Kennen wir möglicherweise selbst Menschen, die – wie beispielsweise die sogenannten Prepper – von einem Untergang der Ordnung und von chaotischen Zuständen ausgehen und deshalb für diesen angeblichen Tag X Vorkehrungen treffen, indem sie Waffen, Munition, bestimmte Chemikalien und Nahrung horten, um die dann gestürzte staatliche Ordnung selbst in die Hand zu nehmen? Ich hoffe nicht. Fragen wir uns selbst genug, in welche Richtung sich unsere Dorfgemeinschaft, unsere Stadt, unser Bundesland oder Deutschland bewegt?

Fragen wir uns selbst genug, in welche Richtung sich unsere Dorfgemeinschaft, unsere Stadt oder Deutschland bewegt?

Selbst die Vielfalt und interkulturelle Öffnung von Behörden und Unternehmen, von der oft die Rede ist, besitzt Glaubwürdigkeitsdefizite, zumal vor dem Hintergrund von Forschungsergebnissen, die zu Tage fördern, dass Personen mit deutsch klingenden Namen bei gleicher Qualifikation eher zu Bewerbungsgesprächen eingeladen und eingestellt werden als vermeintlich „fremd“ klingende Namen. So zeigt sich erneut, dass ein „Wir“ und „Ihr“ in vielen Köpfen fortbesteht, ja oft gar schon zementiert ist. Ähnliche Defizite und Ausgrenzungen existieren auf dem Wohnungsmarkt. Und wie viele Personen mit Einwanderungsgeschichte sitzen eigentlich auf der Berliner Regierungsbank?

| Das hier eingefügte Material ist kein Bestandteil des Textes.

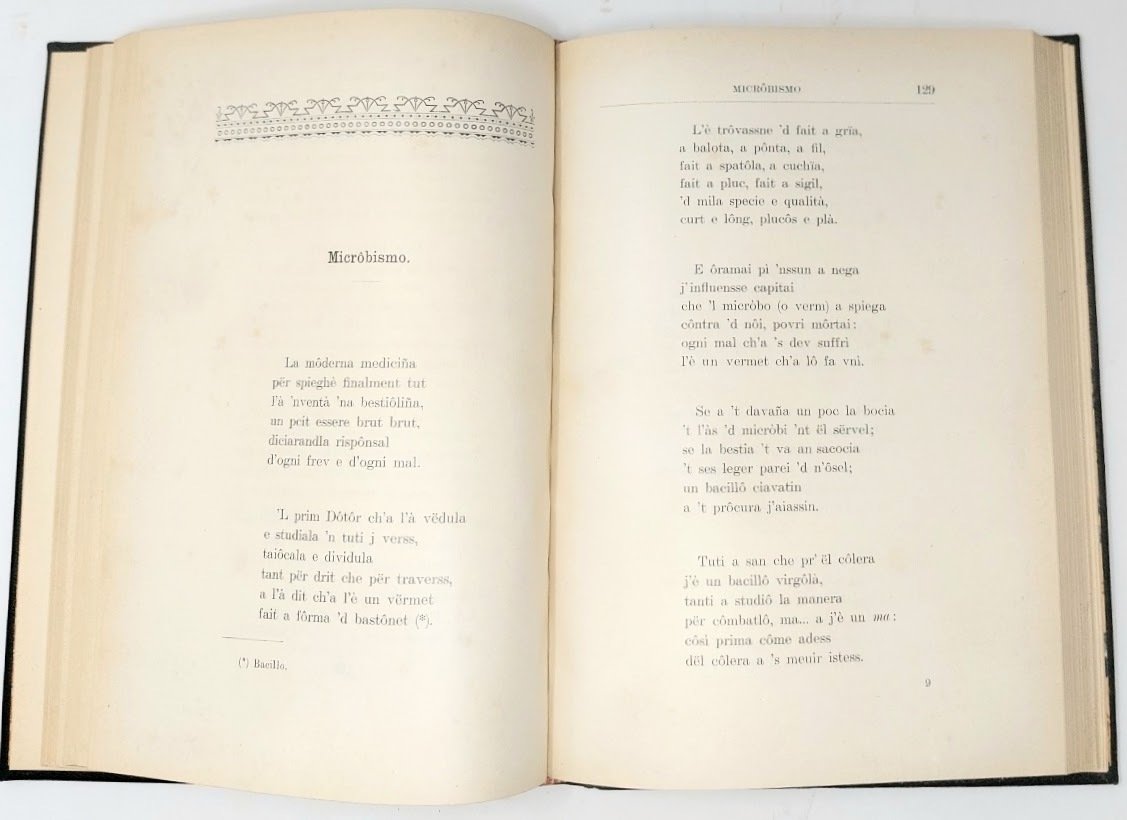 >in-8, pp. XIV, 312, leg. posteriore p. pelle, dorso ornato in oro (difetti alle cerniere). Contiene ben 132 poesie in piemontese, seguite da un'Appendice ''1893, Le feste di Gaindôja'', comprendente le poesie ''L'invit''e ''Giandôja a Rôma'' e l'operetta comica in un atto e 5 quadri in versi ''Giandôjeide''. Esempl. perfetto. Clivio n. 2606.

Was wir aus Hanau lernen müssen, ist, eine Einheit zu sein. Eine Einheit gegen Extremismus. Eine Einheit für Respekt, Toleranz, Pluralismus, Demokratie und Freiheit. Das ist das weltoffene Gesicht Deutschlands. Damit muss Deutschland auch in Zukunft strahlen. Hoffentlich kann es das.